Nadia and I still paid rent on the Finsbury Park maisonette we'd shared with Gen for the last few years. We hadn't moved all our things out despite living with the men in our lives since before Christmas. The London property market for renters was horrendous. Over priced, over crowded, and definitely not set up to help a make-up artist come hairdresser come magazine contributor looking to live alone for the first time in her life.

After months of Gen searching, and Nadia and I both begging for Gen to move in to a property owned by William or Harry, I'd gone to Harry. He found a property that was almost exactly what Gen wanted, gave the current tenant notice and set up for Gen's real estate agent to contact her about a new flat on his books. Three weeks later, everybody was happy and Gen still had her pride. We were all officially moving out.

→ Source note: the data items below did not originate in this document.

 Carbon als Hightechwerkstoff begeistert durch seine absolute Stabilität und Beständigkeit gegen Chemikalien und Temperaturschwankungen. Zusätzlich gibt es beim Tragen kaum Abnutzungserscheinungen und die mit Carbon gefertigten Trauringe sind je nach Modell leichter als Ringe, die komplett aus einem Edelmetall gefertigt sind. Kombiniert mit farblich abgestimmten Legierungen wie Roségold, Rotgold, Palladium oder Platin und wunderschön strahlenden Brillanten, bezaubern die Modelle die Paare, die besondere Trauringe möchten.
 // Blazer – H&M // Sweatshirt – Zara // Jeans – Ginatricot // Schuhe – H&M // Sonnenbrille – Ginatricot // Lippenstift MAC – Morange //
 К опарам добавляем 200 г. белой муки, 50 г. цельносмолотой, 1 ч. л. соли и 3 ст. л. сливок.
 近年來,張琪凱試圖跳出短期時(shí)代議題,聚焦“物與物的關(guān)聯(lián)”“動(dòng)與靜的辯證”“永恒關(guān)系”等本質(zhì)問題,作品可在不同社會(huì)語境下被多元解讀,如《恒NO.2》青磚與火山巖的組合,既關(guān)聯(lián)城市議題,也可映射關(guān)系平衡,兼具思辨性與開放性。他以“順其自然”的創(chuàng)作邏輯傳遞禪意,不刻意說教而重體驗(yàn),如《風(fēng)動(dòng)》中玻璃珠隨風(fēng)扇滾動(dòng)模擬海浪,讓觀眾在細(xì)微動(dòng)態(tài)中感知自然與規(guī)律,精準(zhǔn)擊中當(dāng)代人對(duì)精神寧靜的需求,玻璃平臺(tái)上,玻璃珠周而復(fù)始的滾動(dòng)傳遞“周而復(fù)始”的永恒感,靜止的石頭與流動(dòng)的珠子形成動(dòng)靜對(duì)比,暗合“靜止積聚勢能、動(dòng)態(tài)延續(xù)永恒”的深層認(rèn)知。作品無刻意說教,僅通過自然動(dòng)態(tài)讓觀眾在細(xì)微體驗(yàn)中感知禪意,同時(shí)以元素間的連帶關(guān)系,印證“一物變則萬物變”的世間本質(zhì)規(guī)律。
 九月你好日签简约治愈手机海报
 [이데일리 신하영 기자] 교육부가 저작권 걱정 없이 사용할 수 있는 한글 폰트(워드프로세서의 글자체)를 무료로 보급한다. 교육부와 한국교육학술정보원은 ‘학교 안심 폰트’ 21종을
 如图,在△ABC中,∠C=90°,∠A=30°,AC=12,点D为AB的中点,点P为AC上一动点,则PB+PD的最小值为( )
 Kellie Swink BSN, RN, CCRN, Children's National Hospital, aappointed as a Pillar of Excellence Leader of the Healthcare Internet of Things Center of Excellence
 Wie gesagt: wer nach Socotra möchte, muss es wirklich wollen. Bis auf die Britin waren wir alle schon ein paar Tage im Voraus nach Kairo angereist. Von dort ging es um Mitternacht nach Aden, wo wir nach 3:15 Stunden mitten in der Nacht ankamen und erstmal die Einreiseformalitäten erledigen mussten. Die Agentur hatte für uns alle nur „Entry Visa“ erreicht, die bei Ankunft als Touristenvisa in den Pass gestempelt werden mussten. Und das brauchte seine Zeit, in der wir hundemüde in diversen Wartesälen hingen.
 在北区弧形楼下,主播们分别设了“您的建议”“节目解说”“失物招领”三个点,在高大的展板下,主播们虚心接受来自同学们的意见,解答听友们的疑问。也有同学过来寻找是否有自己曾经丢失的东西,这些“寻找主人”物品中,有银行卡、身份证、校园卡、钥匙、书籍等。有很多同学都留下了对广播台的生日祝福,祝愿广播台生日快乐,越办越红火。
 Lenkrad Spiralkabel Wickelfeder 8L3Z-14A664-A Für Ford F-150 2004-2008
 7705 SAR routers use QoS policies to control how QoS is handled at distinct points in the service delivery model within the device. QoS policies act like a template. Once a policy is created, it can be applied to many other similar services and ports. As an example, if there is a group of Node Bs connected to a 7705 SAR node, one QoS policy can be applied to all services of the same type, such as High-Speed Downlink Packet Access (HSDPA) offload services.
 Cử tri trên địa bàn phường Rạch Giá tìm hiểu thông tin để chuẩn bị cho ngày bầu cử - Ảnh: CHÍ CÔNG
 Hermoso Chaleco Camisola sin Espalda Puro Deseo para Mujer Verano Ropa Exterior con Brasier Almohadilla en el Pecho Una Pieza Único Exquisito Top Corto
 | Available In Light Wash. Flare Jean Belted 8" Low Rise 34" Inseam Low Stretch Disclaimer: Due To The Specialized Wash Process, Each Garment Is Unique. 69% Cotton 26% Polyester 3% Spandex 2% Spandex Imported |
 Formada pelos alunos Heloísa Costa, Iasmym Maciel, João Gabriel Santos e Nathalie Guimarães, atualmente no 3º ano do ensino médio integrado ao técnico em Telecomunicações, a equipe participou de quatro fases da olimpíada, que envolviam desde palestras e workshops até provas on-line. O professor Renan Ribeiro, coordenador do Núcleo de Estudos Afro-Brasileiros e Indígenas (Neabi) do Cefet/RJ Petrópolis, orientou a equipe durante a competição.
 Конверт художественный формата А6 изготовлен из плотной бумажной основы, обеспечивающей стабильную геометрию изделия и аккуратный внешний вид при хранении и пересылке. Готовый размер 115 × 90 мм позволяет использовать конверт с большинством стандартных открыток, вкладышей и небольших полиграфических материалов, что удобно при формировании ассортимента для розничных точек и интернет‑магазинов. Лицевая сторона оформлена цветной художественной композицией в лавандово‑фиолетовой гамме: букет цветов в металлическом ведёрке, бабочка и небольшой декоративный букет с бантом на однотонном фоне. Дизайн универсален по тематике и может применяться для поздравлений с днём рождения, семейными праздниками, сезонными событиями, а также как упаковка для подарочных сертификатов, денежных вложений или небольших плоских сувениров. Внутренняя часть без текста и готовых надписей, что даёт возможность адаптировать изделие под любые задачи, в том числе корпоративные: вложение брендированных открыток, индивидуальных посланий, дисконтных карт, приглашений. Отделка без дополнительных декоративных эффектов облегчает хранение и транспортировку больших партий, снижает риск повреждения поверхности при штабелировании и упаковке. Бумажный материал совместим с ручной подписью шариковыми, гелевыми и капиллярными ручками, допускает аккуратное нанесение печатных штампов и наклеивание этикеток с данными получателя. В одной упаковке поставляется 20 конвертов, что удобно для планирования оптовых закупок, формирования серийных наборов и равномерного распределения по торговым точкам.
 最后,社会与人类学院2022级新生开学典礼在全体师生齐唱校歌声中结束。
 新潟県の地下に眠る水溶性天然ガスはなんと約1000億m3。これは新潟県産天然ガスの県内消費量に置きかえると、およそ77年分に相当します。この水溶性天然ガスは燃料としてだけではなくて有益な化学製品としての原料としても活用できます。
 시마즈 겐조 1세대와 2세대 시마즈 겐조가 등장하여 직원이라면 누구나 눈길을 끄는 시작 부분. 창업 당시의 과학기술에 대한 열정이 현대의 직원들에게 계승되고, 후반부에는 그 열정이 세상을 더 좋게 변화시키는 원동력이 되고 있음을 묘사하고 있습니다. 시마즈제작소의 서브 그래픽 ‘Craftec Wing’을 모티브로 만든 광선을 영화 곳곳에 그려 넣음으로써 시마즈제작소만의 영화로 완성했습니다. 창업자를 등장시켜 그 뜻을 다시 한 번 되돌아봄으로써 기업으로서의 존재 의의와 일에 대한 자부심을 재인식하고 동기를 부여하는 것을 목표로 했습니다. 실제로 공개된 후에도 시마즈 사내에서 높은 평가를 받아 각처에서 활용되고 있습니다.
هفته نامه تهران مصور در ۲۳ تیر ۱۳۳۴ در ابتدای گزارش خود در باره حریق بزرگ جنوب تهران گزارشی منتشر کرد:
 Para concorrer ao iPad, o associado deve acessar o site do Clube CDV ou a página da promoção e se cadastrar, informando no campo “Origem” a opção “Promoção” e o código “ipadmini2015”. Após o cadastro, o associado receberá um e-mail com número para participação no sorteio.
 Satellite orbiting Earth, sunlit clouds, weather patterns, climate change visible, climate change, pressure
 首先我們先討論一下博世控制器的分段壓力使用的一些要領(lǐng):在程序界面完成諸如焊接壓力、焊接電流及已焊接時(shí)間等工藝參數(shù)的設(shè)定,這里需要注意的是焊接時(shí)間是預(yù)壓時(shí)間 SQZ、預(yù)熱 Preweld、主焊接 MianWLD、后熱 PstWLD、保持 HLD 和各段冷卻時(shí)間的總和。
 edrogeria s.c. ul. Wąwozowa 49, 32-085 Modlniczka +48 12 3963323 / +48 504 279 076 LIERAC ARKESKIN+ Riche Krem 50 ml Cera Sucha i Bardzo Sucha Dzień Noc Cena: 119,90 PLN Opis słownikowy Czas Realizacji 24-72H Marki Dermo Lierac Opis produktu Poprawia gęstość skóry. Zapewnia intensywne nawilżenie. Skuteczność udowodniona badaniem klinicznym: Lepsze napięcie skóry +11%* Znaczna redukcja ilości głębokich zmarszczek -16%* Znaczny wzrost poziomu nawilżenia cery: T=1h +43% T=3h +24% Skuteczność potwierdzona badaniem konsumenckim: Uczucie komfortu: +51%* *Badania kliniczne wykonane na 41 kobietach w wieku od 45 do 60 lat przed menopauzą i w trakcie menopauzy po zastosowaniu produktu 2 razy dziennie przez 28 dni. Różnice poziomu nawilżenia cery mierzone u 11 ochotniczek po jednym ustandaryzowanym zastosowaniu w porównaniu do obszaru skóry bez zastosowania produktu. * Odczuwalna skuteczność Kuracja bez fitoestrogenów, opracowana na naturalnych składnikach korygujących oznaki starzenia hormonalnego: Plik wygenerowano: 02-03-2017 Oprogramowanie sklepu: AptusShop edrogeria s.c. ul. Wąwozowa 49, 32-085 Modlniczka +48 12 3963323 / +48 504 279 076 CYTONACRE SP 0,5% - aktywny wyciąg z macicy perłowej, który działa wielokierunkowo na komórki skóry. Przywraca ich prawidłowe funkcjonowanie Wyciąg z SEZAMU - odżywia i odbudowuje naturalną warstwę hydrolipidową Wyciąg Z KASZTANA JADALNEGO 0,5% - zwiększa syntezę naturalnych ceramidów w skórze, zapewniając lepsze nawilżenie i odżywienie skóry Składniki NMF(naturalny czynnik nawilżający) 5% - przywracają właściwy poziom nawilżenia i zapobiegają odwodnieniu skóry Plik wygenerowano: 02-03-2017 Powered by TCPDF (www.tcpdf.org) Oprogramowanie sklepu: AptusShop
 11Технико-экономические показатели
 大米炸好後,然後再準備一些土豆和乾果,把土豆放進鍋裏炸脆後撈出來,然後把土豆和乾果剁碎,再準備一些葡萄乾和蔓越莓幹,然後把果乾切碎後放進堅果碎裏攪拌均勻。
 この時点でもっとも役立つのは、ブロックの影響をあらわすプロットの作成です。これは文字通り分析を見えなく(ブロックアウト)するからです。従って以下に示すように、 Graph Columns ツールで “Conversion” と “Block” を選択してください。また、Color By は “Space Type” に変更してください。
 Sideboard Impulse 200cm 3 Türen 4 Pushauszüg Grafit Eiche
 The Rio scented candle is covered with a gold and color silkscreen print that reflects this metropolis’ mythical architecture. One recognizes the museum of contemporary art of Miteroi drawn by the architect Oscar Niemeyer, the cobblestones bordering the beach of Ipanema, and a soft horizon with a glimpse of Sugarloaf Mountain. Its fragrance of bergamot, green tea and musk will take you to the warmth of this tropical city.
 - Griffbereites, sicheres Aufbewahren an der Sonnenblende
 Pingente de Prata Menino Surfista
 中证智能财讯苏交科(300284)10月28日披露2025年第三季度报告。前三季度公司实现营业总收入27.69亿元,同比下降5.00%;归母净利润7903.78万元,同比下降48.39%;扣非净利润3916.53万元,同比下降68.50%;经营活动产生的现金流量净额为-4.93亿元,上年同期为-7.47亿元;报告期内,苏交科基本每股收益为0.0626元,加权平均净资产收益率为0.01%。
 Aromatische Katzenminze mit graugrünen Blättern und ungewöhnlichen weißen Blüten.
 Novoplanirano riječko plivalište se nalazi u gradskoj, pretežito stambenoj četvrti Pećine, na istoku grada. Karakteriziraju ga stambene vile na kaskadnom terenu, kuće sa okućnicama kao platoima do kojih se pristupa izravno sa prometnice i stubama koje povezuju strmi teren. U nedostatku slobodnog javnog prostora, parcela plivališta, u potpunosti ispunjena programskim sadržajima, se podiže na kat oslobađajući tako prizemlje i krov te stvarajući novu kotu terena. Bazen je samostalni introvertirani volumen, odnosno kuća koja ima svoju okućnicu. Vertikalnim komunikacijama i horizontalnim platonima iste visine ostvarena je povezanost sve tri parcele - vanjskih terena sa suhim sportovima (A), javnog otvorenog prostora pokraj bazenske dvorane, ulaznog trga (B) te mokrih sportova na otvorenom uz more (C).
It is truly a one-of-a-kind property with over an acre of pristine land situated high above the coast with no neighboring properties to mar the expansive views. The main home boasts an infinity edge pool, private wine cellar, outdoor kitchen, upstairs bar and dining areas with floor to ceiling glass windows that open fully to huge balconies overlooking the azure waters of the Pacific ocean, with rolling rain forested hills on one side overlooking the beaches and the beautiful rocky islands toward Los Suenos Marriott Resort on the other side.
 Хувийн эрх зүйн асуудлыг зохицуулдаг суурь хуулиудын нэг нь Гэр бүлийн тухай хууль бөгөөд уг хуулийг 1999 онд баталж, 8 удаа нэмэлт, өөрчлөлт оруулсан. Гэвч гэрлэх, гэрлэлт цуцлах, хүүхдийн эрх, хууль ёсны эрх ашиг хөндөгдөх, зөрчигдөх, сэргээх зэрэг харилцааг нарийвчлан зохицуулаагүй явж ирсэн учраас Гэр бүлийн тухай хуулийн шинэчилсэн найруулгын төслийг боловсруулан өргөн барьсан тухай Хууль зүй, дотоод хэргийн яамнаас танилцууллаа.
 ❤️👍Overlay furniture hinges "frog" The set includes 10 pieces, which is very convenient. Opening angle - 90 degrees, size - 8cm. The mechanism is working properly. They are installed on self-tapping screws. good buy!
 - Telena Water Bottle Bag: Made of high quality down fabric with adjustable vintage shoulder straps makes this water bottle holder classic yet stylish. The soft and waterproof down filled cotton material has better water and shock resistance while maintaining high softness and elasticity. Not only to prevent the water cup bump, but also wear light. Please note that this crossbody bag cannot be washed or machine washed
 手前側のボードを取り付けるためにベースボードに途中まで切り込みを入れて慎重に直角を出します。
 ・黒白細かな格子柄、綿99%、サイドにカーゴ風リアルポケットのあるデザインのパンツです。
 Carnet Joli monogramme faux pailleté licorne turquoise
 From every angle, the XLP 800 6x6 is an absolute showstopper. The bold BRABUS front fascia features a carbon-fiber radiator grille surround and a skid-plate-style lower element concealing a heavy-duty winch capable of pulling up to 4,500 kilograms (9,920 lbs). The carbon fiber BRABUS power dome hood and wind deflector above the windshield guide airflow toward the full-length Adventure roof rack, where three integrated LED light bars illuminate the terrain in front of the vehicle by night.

Finsbury Park would no longer be ours and letting go was proving to be more painful than I anticipated.

The memories we shared in the house would always be with us but sometimes, memories feel more real in the place they happened in. I never went back to Don's house for that very reason. My memory of those years was vivid enough already.

"Sasha? Nadia wants to know if you're taking the lamp from the sitting room."

"Oh, she's getting that lamp over my dead body!" Harry laughed beside me. He swot my backside.

"You better get back inside, Angel. I'll see if William wants a hand taking Nadia's bed apart."

We went back inside, Harry going upstairs while I went to the living room to fight Nadia over the lamp. We spent every daylight hour, and a few hours into the night, to move everything. Harry and William had tried to get us to use professional movers but we'd moved ourselves in, and we were determined to leave the same way. There was something satisfying about it.

The cleaning, however? We let them contract that out. Nobody likes to clean walls with sugar soap or clean tile grout with a toothbrush.

Our day ended at Gen's, starting to unpack and set up the bare essentials. Her bed was put back together in record time and when the fridge was plugged in, Liam and Nadia left to get take-away for dinner while the rest of us started on the living room.

"I think I mislabelled some boxes."

We were standing in the living room of Gen's new flat. Harry and I turned our heads in Gen's direction. She moved on from the box she just opened and onto the next. "Oh, yep. Definitely did."